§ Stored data
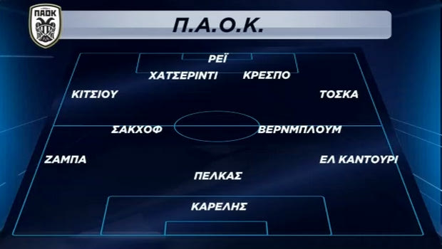 Ο Ραζβάν Λουτσέσκου έδωσε φανέλα βασικού στον Ρέι (έτσι κι αλλιώς ο Πασχαλάκης εξέτισε την ποινή μίας αγωνιστικής για τη χειρονομία τους προς τους οπαδούς του ΟΦΗ) για να υπερασπιστεί την εστία του, ο Κίτσιου (μοναδικός “επιζών” σε τέτοιου είδους ντέρμπι μετά από 1655 ημέρες) στο δεξί αμυντικό άκρο, ο Τόσκα στο αριστερό κι ενδιάμεσά τους ως κεντρικό αμυντικό δίδυμο οι Χατσερίντι και Κρέσπο. Το αντίστοιχο δίδυμο στους χαφ αποτελείτο από τους Σάχοβ και Βέρνμπλουμ, ο Ζαμπά ήταν στο δεξί “φτερό”, ο Ελ Καντουρί στο αριστερό κι ο Πέλκας σε επιτελικό ρόλο πίσω από τον προωθημένο Καρέλη.
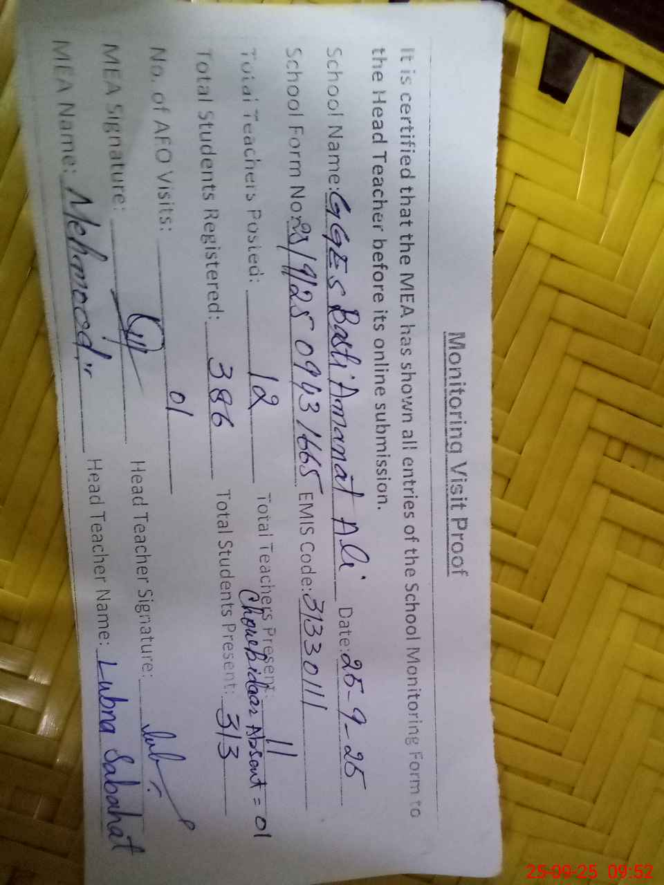 | EMIS Code: 31330111 | Name of School: GGES BASTI AMANAT ALI | |||
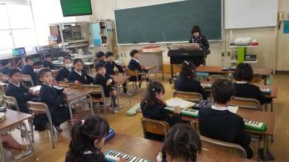 2年1組の音楽の様子です。パートにわかれて練習していました。最後は全体でとても上手に演奏できていました。
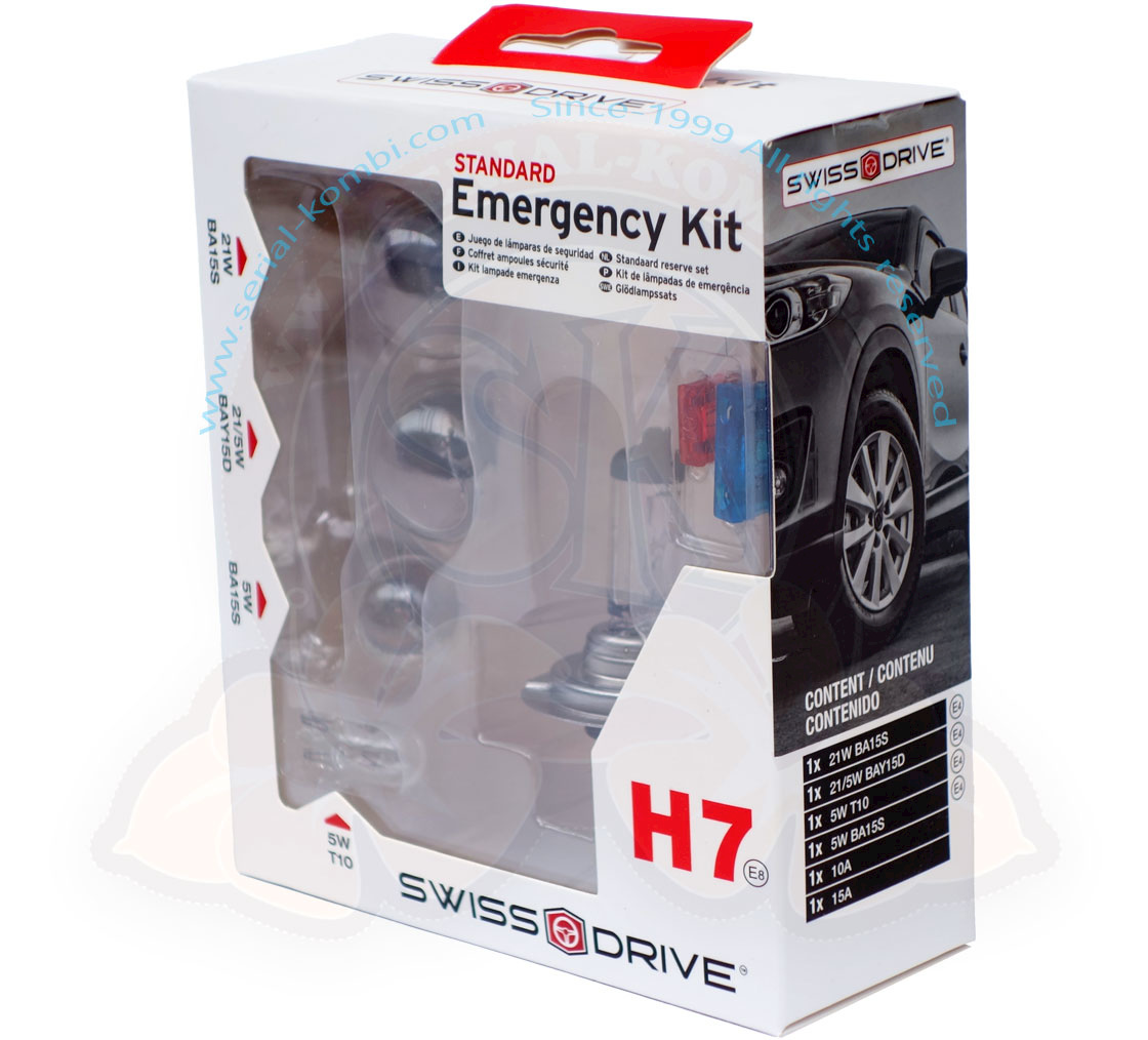 Kit di lampade di sicurezza composto da lampade con attacco P21W, P21/5W, W5W/T10, R5W e due fusibili da 10 e 15 amp.
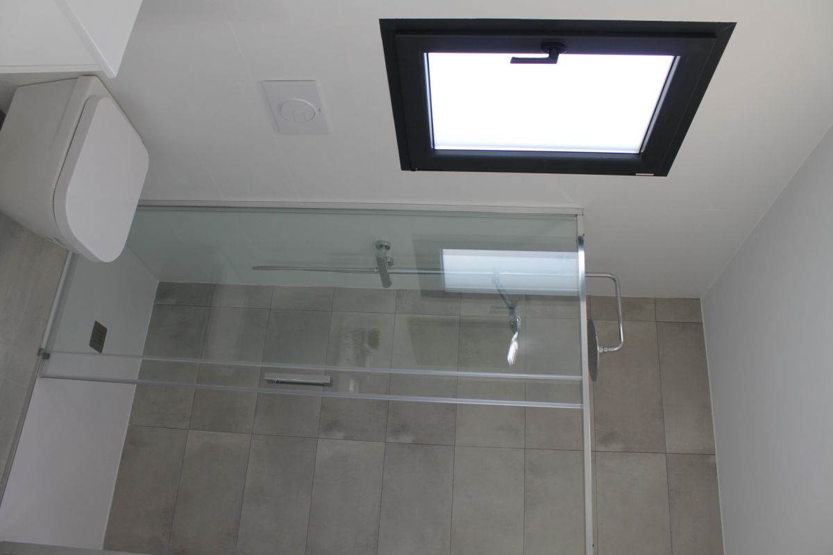 LED lighting inside and outside the property. Built-in wardrobes with drawers. Fully equipped bathrooms with suspended toilet, shower screens, vanity unit, illuminated mirror, and rain shower. Summer kitchen in the solarium. Pre-installation for ducted air conditioning. Parking space on the plot.
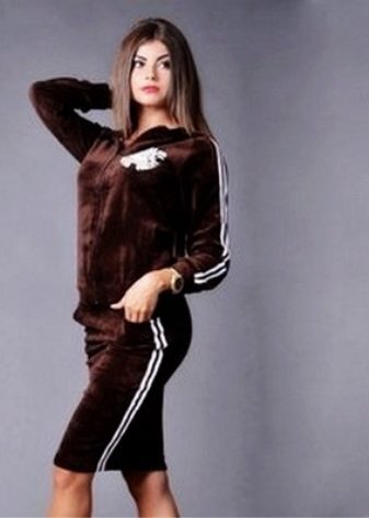 Another variation of this outfit is a velor suit with a skirt. Such a kit will look very harmonious, for example, on a tennis court. In this kit you can go for a walk around the city.

§ Requirement
The data is to be returned exactly as it stands, pictures aside.

§ Solution to this problem
 Ο Ραζβάν Λουτσέσκου έδωσε φανέλα βασικού στον Ρέι (έτσι κι αλλιώς ο Πασχαλάκης εξέτισε την ποινή μίας αγωνιστικής για τη χειρονομία τους προς τους οπαδούς του ΟΦΗ) για να υπερασπιστεί την εστία του, ο Κίτσιου (μοναδικός “επιζών” σε τέτοιου είδους ντέρμπι μετά από 1655 ημέρες) στο δεξί αμυντικό άκρο, ο Τόσκα στο αριστερό κι ενδιάμεσά τους ως κεντρικό αμυντικό δίδυμο οι Χατσερίντι και Κρέσπο. Το αντίστοιχο δίδυμο στους χαφ αποτελείτο από τους Σάχοβ και Βέρνμπλουμ, ο Ζαμπά ήταν στο δεξί “φτερό”, ο Ελ Καντουρί στο αριστερό κι ο Πέλκας σε επιτελικό ρόλο πίσω από τον προωθημένο Καρέλη.
 | EMIS Code: 31330111 | Name of School: GGES BASTI AMANAT ALI | |||
 2年1組の音楽の様子です。パートにわかれて練習していました。最後は全体でとても上手に演奏できていました。
 Kit di lampade di sicurezza composto da lampade con attacco P21W, P21/5W, W5W/T10, R5W e due fusibili da 10 e 15 amp.
 LED lighting inside and outside the property. Built-in wardrobes with drawers. Fully equipped bathrooms with suspended toilet, shower screens, vanity unit, illuminated mirror, and rain shower. Summer kitchen in the solarium. Pre-installation for ducted air conditioning. Parking space on the plot.
 Another variation of this outfit is a velor suit with a skirt. Such a kit will look very harmonious, for example, on a tennis court. In this kit you can go for a walk around the city.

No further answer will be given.